The State Column 
December 12, 2011
Ron Paul (R-TX), a candidate for the Republican presidential nomination, sits in the top-tier in the latest NBC News/Marist polls of South Carolina and Florida GOP voters. Mr. Paul pulled in 9 percent of the votes in the latest NBC News/Marist poll  of South Carolina Republican Presidential Primary voters for a third place finish. Mr. Paul garnered 8 percent of the votes in the latest NBC News/Marist poll  of Florida Republican Presidential Primary voters.
Mr. Paul leads Texas Governor Rick Perry, Minnesota Congresswoman Michele Bachmann, former Pennsylvania Senator Rick Santorum and former Utah Governor Jon Huntsman in South Carolina and Florida. While Mr. Paul holds a 2 point lead over Mr. Perry and Ms. Bachmann in South Carolina, the Texas congressman sits 4 points ahead of the Texas governor and 5 points in front of the Minnesota representative in Florida.
Mr. Paul is being led by former Massachusetts Governor Mitt Romney and former House Speaker Newt Gingrich in South Carolina and Florida. Mr. Gingrich garnered 42 percent of the votes in the South Carolina poll to finish 19 points ahead of Mr. Romney. Mr. Gingrich also leads Mr. Romney in the Florida poll, besting the Bain Capital co-founder by 15 percentage points.
Mr. Paul and Mr. Gingrich have both benefited from pizza magnate Herman Cain’s suspension of his GOP campaign. Mr. Paul and Mr. Gingrich are also likely to benefit from Mr. Romney’s $10,000 gaffe at the Iowa GOP debate Saturday.

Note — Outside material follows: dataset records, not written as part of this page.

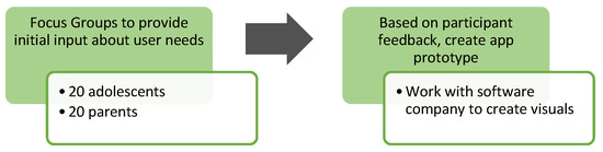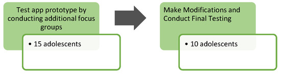 We used a multi-phased iterative user-centered design approach to obtain an understanding of the needs and preferences of the intervention’s end users (i.e., the adolescents). While there are multiple ways to carry out user-centered design [38], our process is informed by the literature, including an initial focus group, testing of the initial app prototype, modifications to the app prototype, and final testing [39] (see Figure 1). This information was then used to iteratively develop intervention content and measure usability. Throughout the development process, the research team created visual mockups, known as paper prototypes (from here forward app prototypes).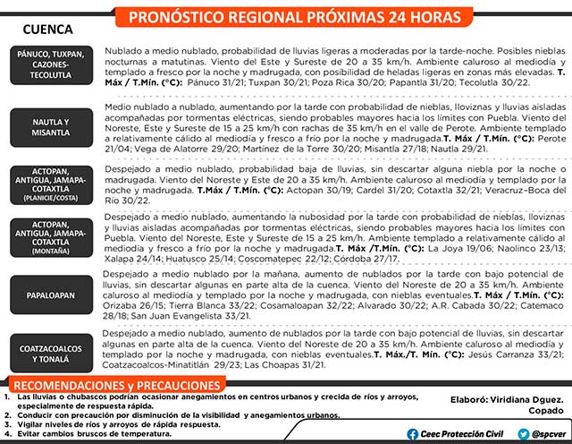 Se espera que la temperatura máxima aumente gradualmente, la probabilidad de lluvias y tormentas disminuya a partir de mañana lunes con los máximos acumulados en cuencas del norte y montañas. El viento continúe dominado del Sureste, Este y Noreste de 20 a 35 km/h en las costas. Consulte actualizaciones.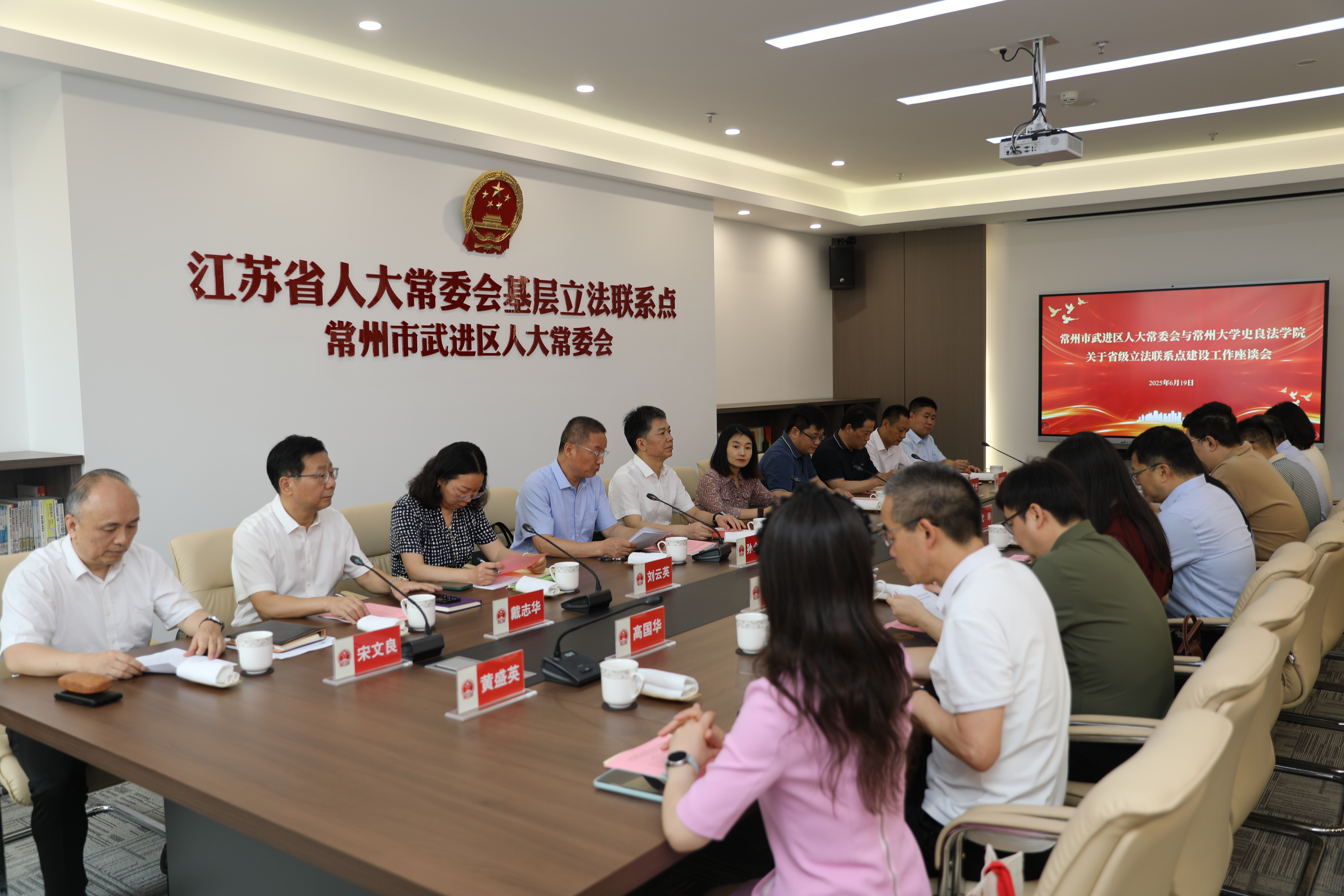 为加强校地合作,推动地方立法工作,6月19日上午,beat365官方网站与武进区人大常委会开展省级基层立法联系点工作座谈会。武进区人大常委会主任、党组书记石伟东,区人大常委会党组成员宋文良、各委室主任,学院党委书记陈婷、院长张建等领导班子成员、部分师生代表参加会议。会议由区人大常委会副主任、党组副书记孙金才主持。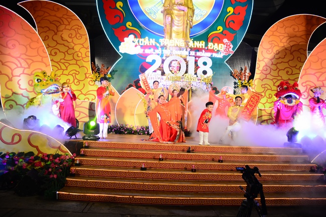 Tối ngày 31/01/2018 (nhằm ngày 15/12 Đinh Dậu) chùa Hoằng Pháp tổ chức chương trình ca nhạc mừng xuân với chủ đề “Xuân Trong Ánh Đạo”.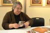 Reverse decoupage artist Fern Lambroza teaches a creative craft class at EMPL.

Mr. Romney bet Mr. Perry $10,000 after sparring with the Texas governor over health care. Mr. Romney is likely to have alienated himself in Iowa; a state whose residents would be unlikely to ever bet someone $10,000. Mr. Romney’s $10,000 bet may have cost him a lot more in Iowa as the gaffe may secure a first place finish for Mr. Gingrich and a second place finish for Mr. Paul in the Iowa caucuses on January 3rd.
Mr. Paul faces the Iowa caucuses and the New Hampshire Republican Presidential Primary before the South Carolina and Florida primaries test the strength of his campaign in the South.